# WHAT IS NEEDED
The answer must be an exact copy of the lines from the one with "Chiesa di San Pietro a Torbe" to the last line of the entries below, both included, and must contain no pictures.

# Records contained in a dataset
=== Begin Enclosure ===

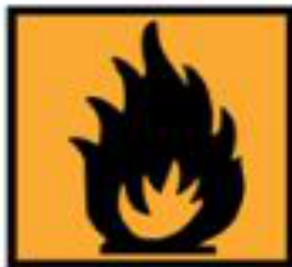
F+ - Extrêmement inflammable
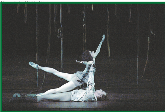
舞劇《曼儂》男女主角逃亡，在絕境中垂死掙扎的一幕

「要不要觀看過去演出的錄像完全是舞者個人的喜好。有些舞者不喜歡這樣做，另外一些舞者則十分喜愛觀看之前的表演錄像。他們進排練室之前，可以選取最切合己需要的方法，只要他們能順利完成排練，我並不介意他們採用哪一種方法。」
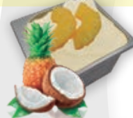
0775 Piña Colada
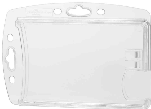
Namensschilder Doppelbox, Daumenstanzung
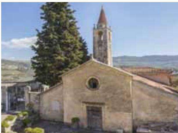
Chiesa di San Pietro a Torbe

La Chiesa di Torbe risale alla seconda metà del XII secolo ed era una cappella dipendente dalla Pieve di San Martino di Negrar. Di tutti gli edifici romanici della Valpolicella è quella che conserva sostanzialmente intatto il complesso civico-religioso medioevale, formato da chiesa, sacrestia, campanile, cimitero, casa canonica e sede comunale.
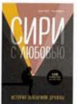
Ньюман Джуди Сири с любовью: история необычной дружбы Теревинф, 2015
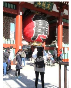
↑クロームブックで写真を撮る。
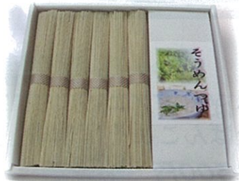
B-8 1,580円 そばそうめん&つゆ
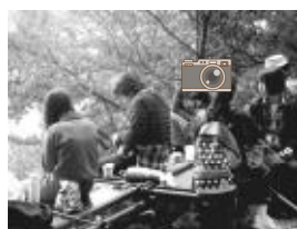
【頂上でお昼、最高です】
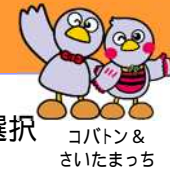
コバトン & さいたまっち
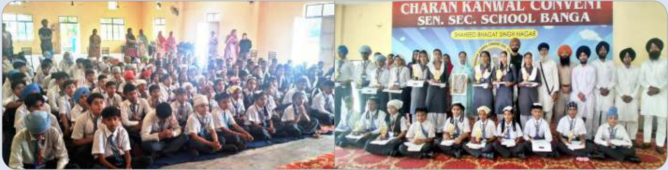
ਕੇਂਦਰ ਨਵਾਂਸ਼ਹਿਰ ਵੱਲੋਂ ਚਰਨ ਕਮਲ ਕਾਨਵੈਂਟ ਸਕੂਲ ਬੰਗਾ ਵਿਖੇ ਚਾਰ ਦਿਨਾਂ ਦਾ ਗੁਰਮਤਿ ਕੈਂਪ ਲਗਾਇਆ ਗਿਆ, ਉਪਰੰਤ ਬੱਚਿਆਂ ਨੂੰ ਸਨਮਾਨਤ ਕੀਤਾ ਗਿਆ

=== End Enclosure ===

# RESPONSE TO THIS TASK
Chiesa di San Pietro a Torbe

La Chiesa di Torbe risale alla seconda metà del XII secolo ed era una cappella dipendente dalla Pieve di San Martino di Negrar. Di tutti gli edifici romanici della Valpolicella è quella che conserva sostanzialmente intatto il complesso civico-religioso medioevale, formato da chiesa, sacrestia, campanile, cimitero, casa canonica e sede comunale.
Ньюман Джуди Сири с любовью: история необычной дружбы Теревинф, 2015
↑クロームブックで写真を撮る。
B-8 1,580円 そばそうめん&つゆ
【頂上でお昼、最高です】
コバトン & さいたまっち
ਕੇਂਦਰ ਨਵਾਂਸ਼ਹਿਰ ਵੱਲੋਂ ਚਰਨ ਕਮਲ ਕਾਨਵੈਂਟ ਸਕੂਲ ਬੰਗਾ ਵਿਖੇ ਚਾਰ ਦਿਨਾਂ ਦਾ ਗੁਰਮਤਿ ਕੈਂਪ ਲਗਾਇਆ ਗਿਆ, ਉਪਰੰਤ ਬੱਚਿਆਂ ਨੂੰ ਸਨਮਾਨਤ ਕੀਤਾ ਗਿਆ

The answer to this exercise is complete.